▸ What you will do: Output the data below exactly as it is, dropping the pictures from your copy.

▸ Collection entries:

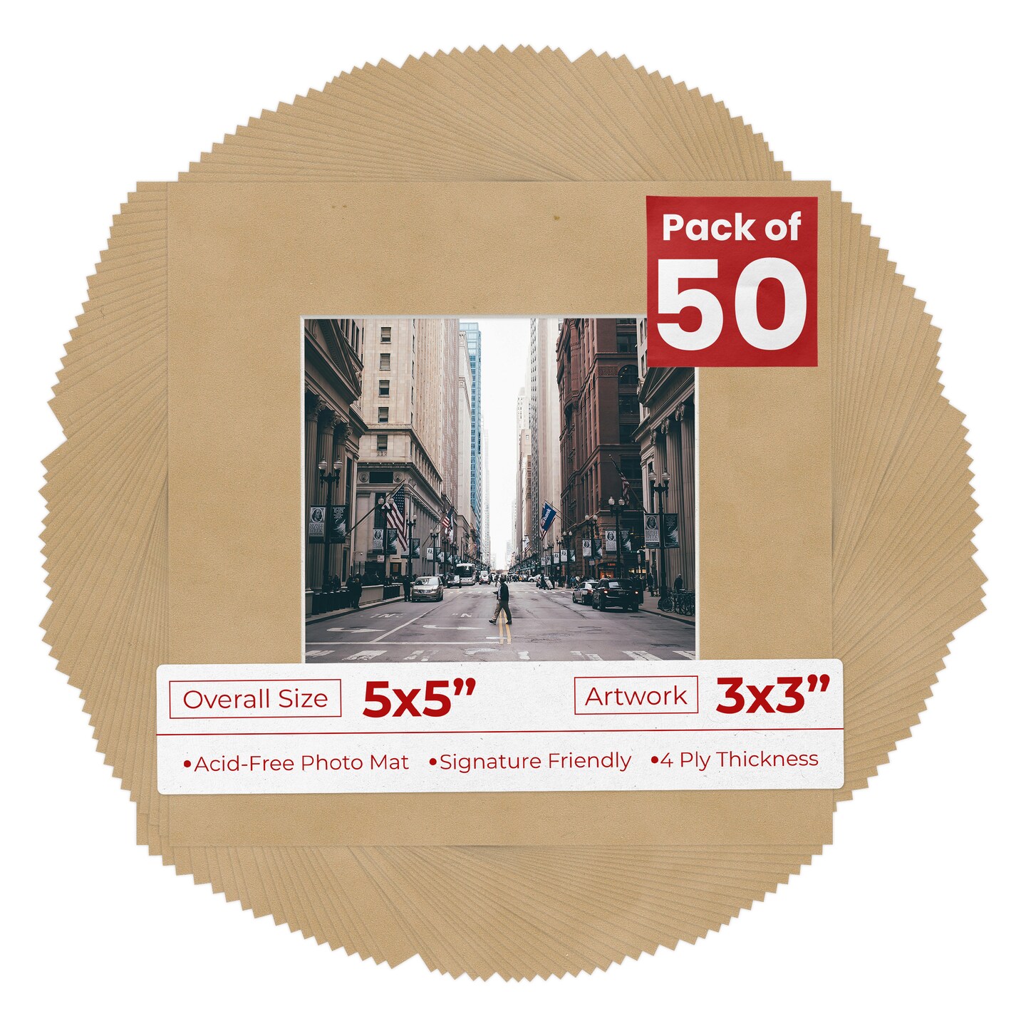 Beige Suede Mat Board for 5x5 Inch Frames - Fits 3x3 Photos
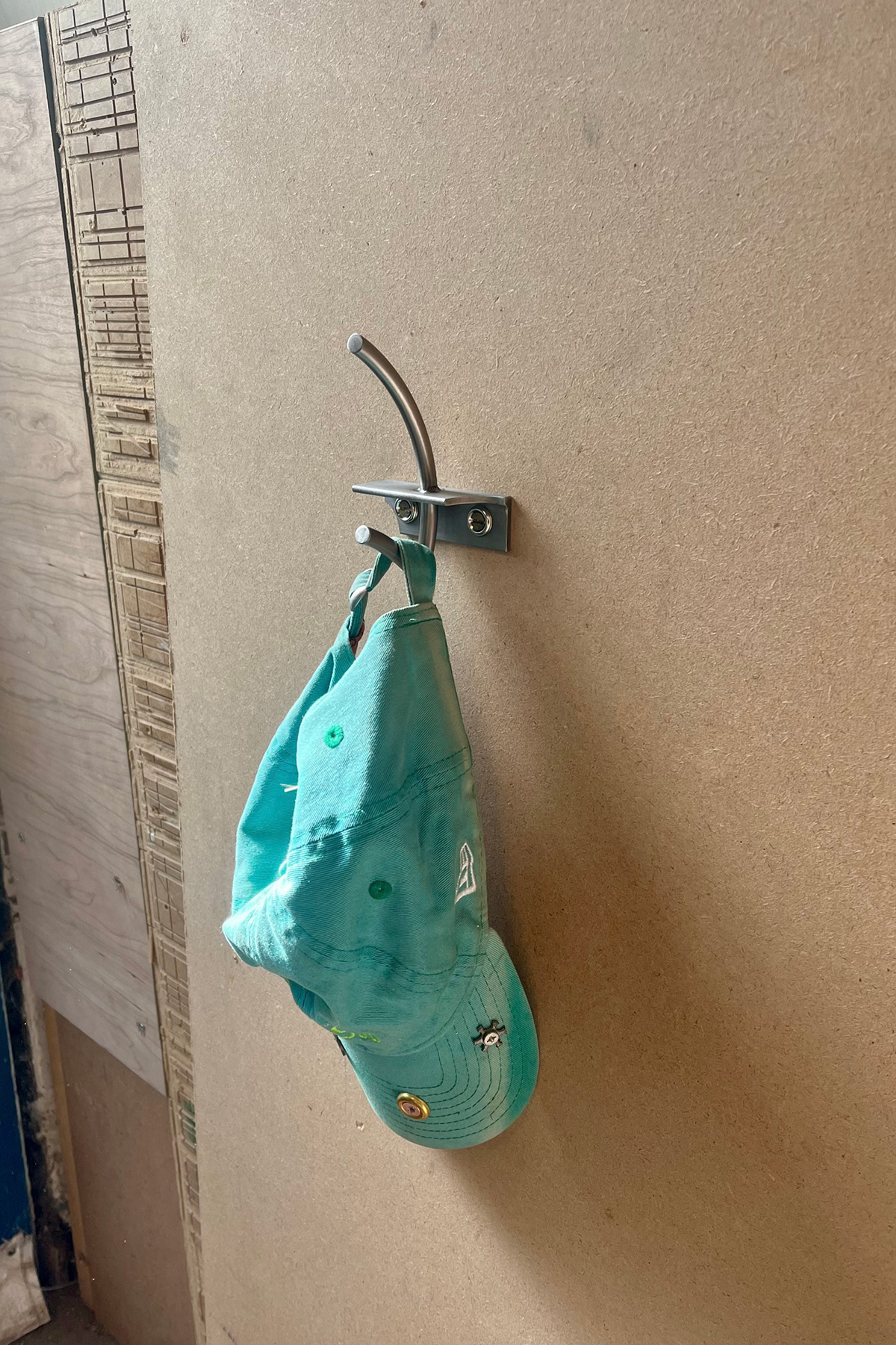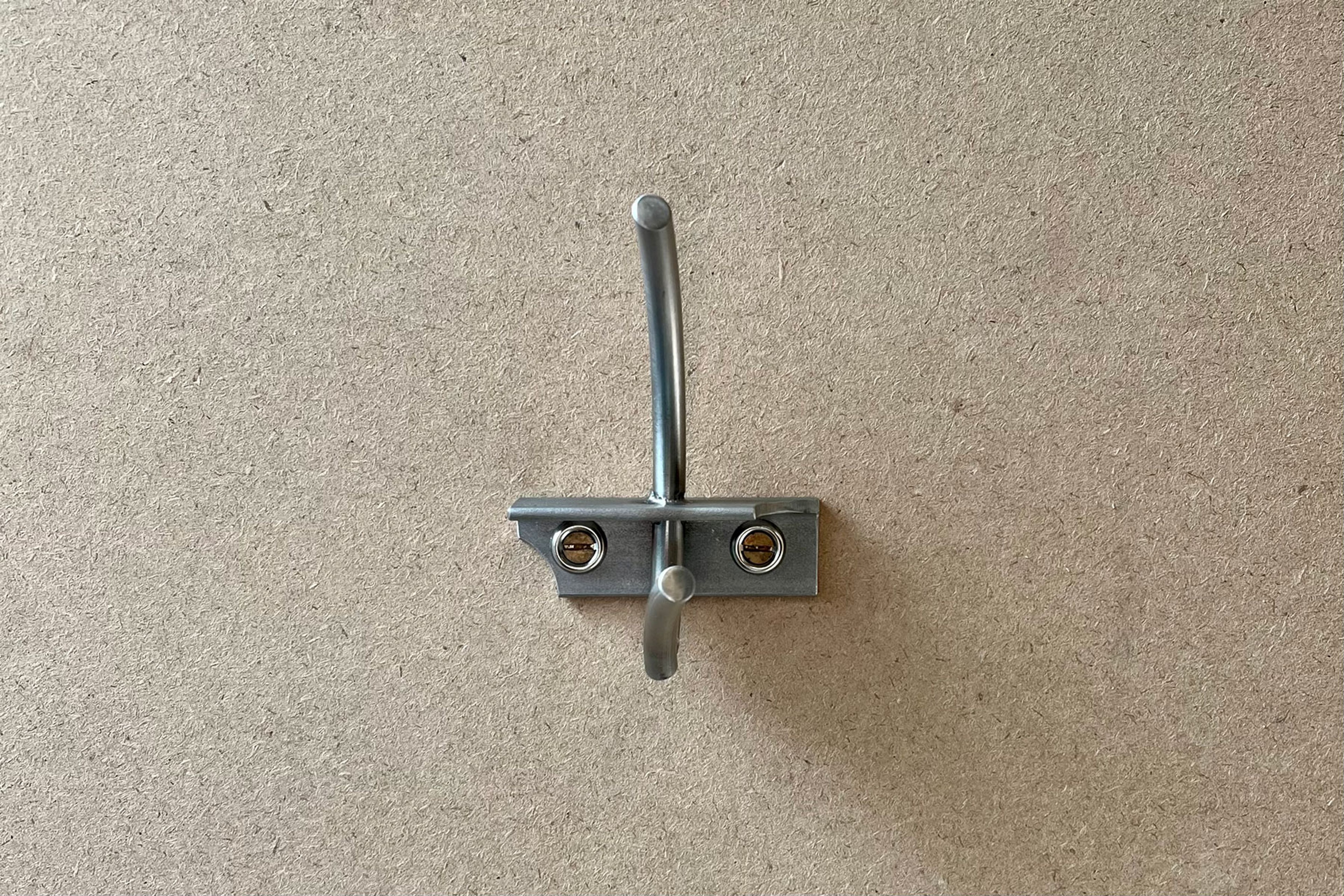 Coat hook using stainless steel angle combined with roll round bar. a singular version of "Roll with it"
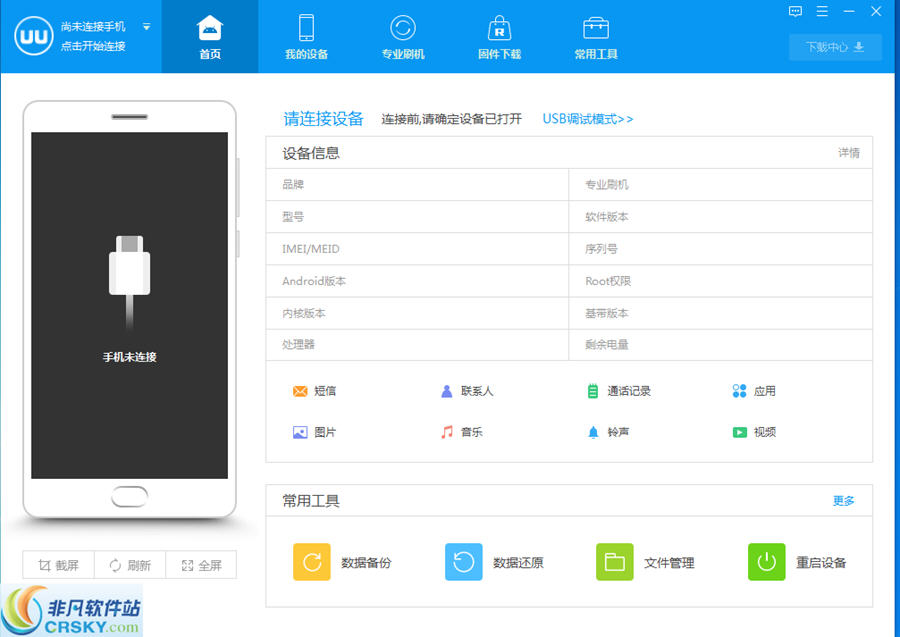 2. 连接手机:打开手机中的“usb调试”模式,将手机与优优刷机助手连接。
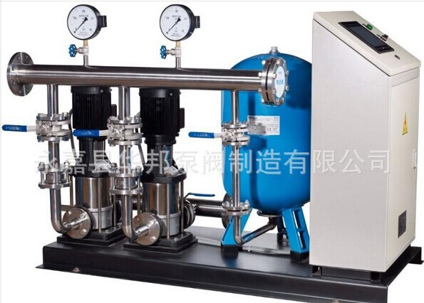 华邦HB系列全自动变频供水设备是一种用微机控制的变频调速供水设备。具有变量供水时控制水泵的出口压力为恒压或变压的基本功能。本设备通过安装在水泵出口管道上的远传压力表,将压力信号转换成标准电信号输入微机,经比较运算等处理后得到*佳控制参数,控制变频器和接触器组从而控制水泵机组的转速和台数,达到改善供水工况和节能之目的。该设备主要由水泵机组、测压稳压罐、压力传感器、变频控制柜等组成,能始终维持压力表压力(即用户管网水压)等于用户设定值。可用于一般生活或生产供水。供水系统组成方式有:1\与市政管网并网恒压供水,在供水压力可满足需要时,自动停运全部水泵。否则恒压供水设备起动,增大压力满足用水要求。2、附加小泵或气压罐为完全消除小流量或零流量供水电耗,可增加辅助小泵或辅助气压罐,当供水压力低时,自动停运主泵,使小泵或气压罐运行。采用智能控制器或可编程控制器(PLC)对变频泵组、稳压泵进行控制。
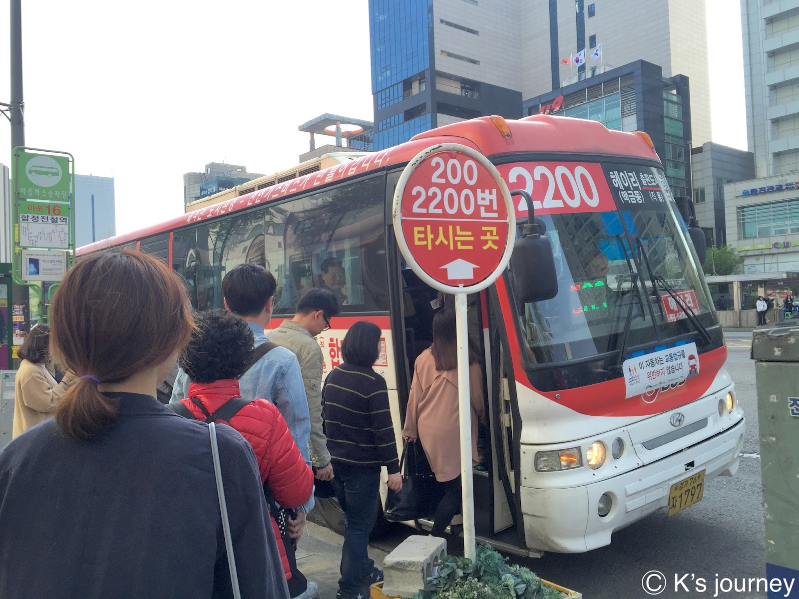 先到首爾地鐵合井站1號出口搭乘2200公車,車程時間約1小時,在파주 영어 마을(坡州英語村站)下車。
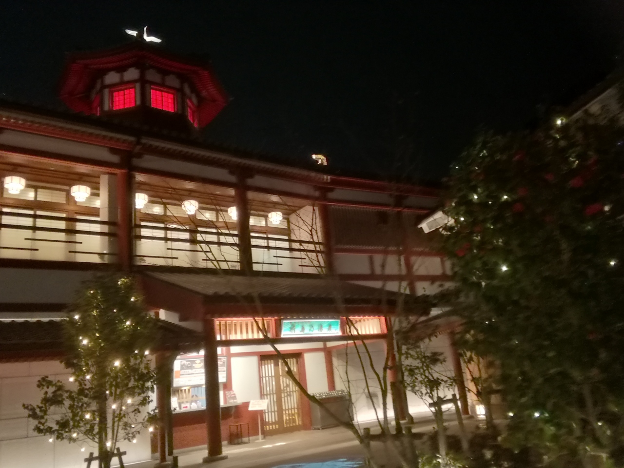 道後温泉本館から歩いて2分ほどに飛鳥の湯という外湯があります。椿の湯と二か所ありますが、半露天風呂のある飛鳥の湯に入りました。600円で一階の入浴のみです。2階の大広間まで使用すれば1250円,個室利用で1650円,家族風呂まで利用すると3650円となります。一昨年に建てられただけあり外観もお風呂もとても綺麗でした。本館は大勢の観光客があふれてイモ洗い状態でしたが、こちらはゆっくり入れました。道後温泉の楽しみが増えました。
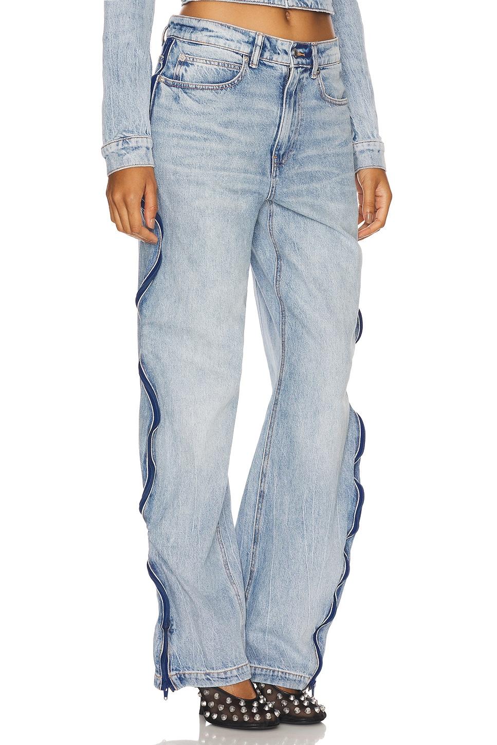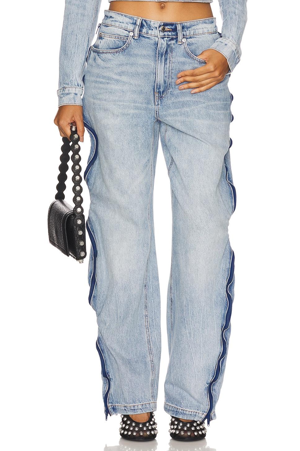 Zip fly with button closure 5-pocket design Side zip detailing with mesh panels and snap button pockets Intentional fading and light whiskering Heavyweight denim fabric 20" / 51 cm at the knee narrows to 16" / 41 cm at the leg opening

▸ Your solution:
 Beige Suede Mat Board for 5x5 Inch Frames - Fits 3x3 Photos
 Coat hook using stainless steel angle combined with roll round bar. a singular version of "Roll with it"
 2. 连接手机:打开手机中的“usb调试”模式,将手机与优优刷机助手连接。
 华邦HB系列全自动变频供水设备是一种用微机控制的变频调速供水设备。具有变量供水时控制水泵的出口压力为恒压或变压的基本功能。本设备通过安装在水泵出口管道上的远传压力表,将压力信号转换成标准电信号输入微机,经比较运算等处理后得到*佳控制参数,控制变频器和接触器组从而控制水泵机组的转速和台数,达到改善供水工况和节能之目的。该设备主要由水泵机组、测压稳压罐、压力传感器、变频控制柜等组成,能始终维持压力表压力(即用户管网水压)等于用户设定值。可用于一般生活或生产供水。供水系统组成方式有:1\与市政管网并网恒压供水,在供水压力可满足需要时,自动停运全部水泵。否则恒压供水设备起动,增大压力满足用水要求。2、附加小泵或气压罐为完全消除小流量或零流量供水电耗,可增加辅助小泵或辅助气压罐,当供水压力低时,自动停运主泵,使小泵或气压罐运行。采用智能控制器或可编程控制器(PLC)对变频泵组、稳压泵进行控制。
 先到首爾地鐵合井站1號出口搭乘2200公車,車程時間約1小時,在파주 영어 마을(坡州英語村站)下車。
 道後温泉本館から歩いて2分ほどに飛鳥の湯という外湯があります。椿の湯と二か所ありますが、半露天風呂のある飛鳥の湯に入りました。600円で一階の入浴のみです。2階の大広間まで使用すれば1250円,個室利用で1650円,家族風呂まで利用すると3650円となります。一昨年に建てられただけあり外観もお風呂もとても綺麗でした。本館は大勢の観光客があふれてイモ洗い状態でしたが、こちらはゆっくり入れました。道後温泉の楽しみが増えました。
 Zip fly with button closure 5-pocket design Side zip detailing with mesh panels and snap button pockets Intentional fading and light whiskering Heavyweight denim fabric 20" / 51 cm at the knee narrows to 16" / 41 cm at the leg opening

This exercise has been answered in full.